Due to a bitter dispute with the Bears, Knox was not allowed by Halas to play for the Bears or play for any other NFL team. Instead, he signed with the Toronto Argonauts midway through 1958 CFL season with a promise by Harvey Knox to the team that he would not interfere. His most notable performance came on October 25, 1958 when, playing the Ottawa Rough Riders, he passed for 522 yards, then a team record and still second most in Argonaut history. After splitting up with his stepfather, Knox played only one more season of football before retiring, saying that football was a "game for animals".

==Post-sports==
After leaving Toronto, Knox appeared in a few movies and television shows, but did not return to football, despite offers from the Oakland Raiders and San Diego Chargers of the newly formed American Football League.

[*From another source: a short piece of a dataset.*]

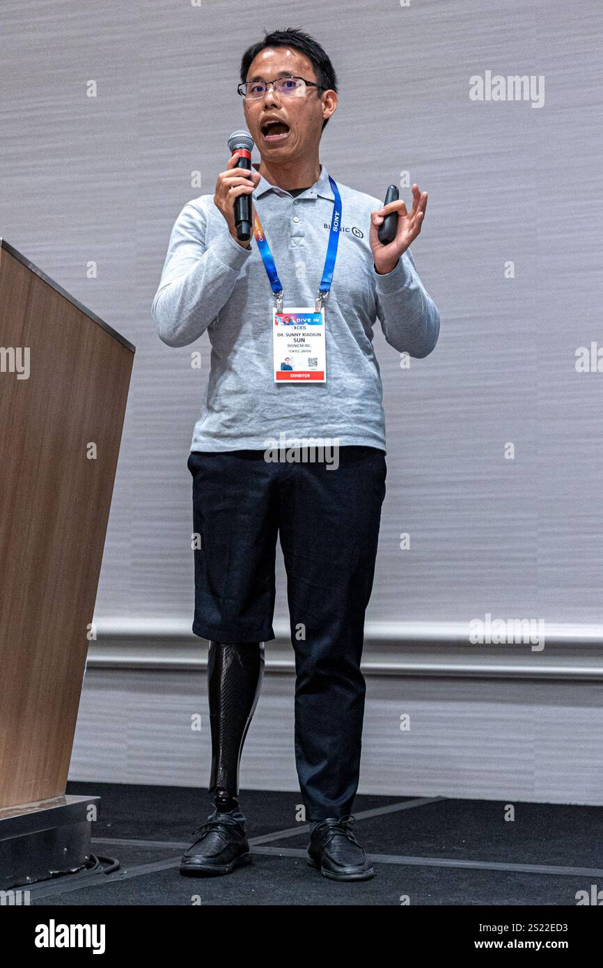 Melalui startup BionicM yang didirikan pada 2018 di Shenzhen, ia menciptakan lutut prostetik bionik yang mampu merespons gerakan pengguna layaknya otot alami—dilengkapi sensor dan motor untuk membantu berjalan, bahkan di tangga, serta tahan jatuh. Inovasinya mendapat penghargaan Red Dot Best of the Best 2020 atas desain dan fungsionalitasnya yang revolusioner. Karena produksi masih skala kecil, biaya tiap pasang prostetik sekitar 300.000 yuan—lebih rendah dari harga pasar umum—namun Sun berupaya menggalang pendanaan agar perangkatnya makin terjangkau bagi lebih banyak penyandang disabilitas.

In the 1960s, 1970s, and 1980s Knox drifted around California, residing only a short time in various towns, prior to moving again. In July 1988 a reporter located him as he was moving out of a one-room apartment in Canoga Park. Knox had lived there for just several weeks, spending the majority of his time writing poetry. Aside from past residences in McKinleyville, Malibu, and San Francisco, Knox lived for short periods in Maine and Texas. He also lived for brief stints in Mexico and Europe.

Having been single since a divorce from painter Renate Druks in 1964, his philosophy was to stay free. Knox compared his lifestyle to the noble savage written about by James Fenimore Cooper. He read English literature by the hour, stretched out on a cot or in his worn out twelve-year-old car. He yearned for a life at sea.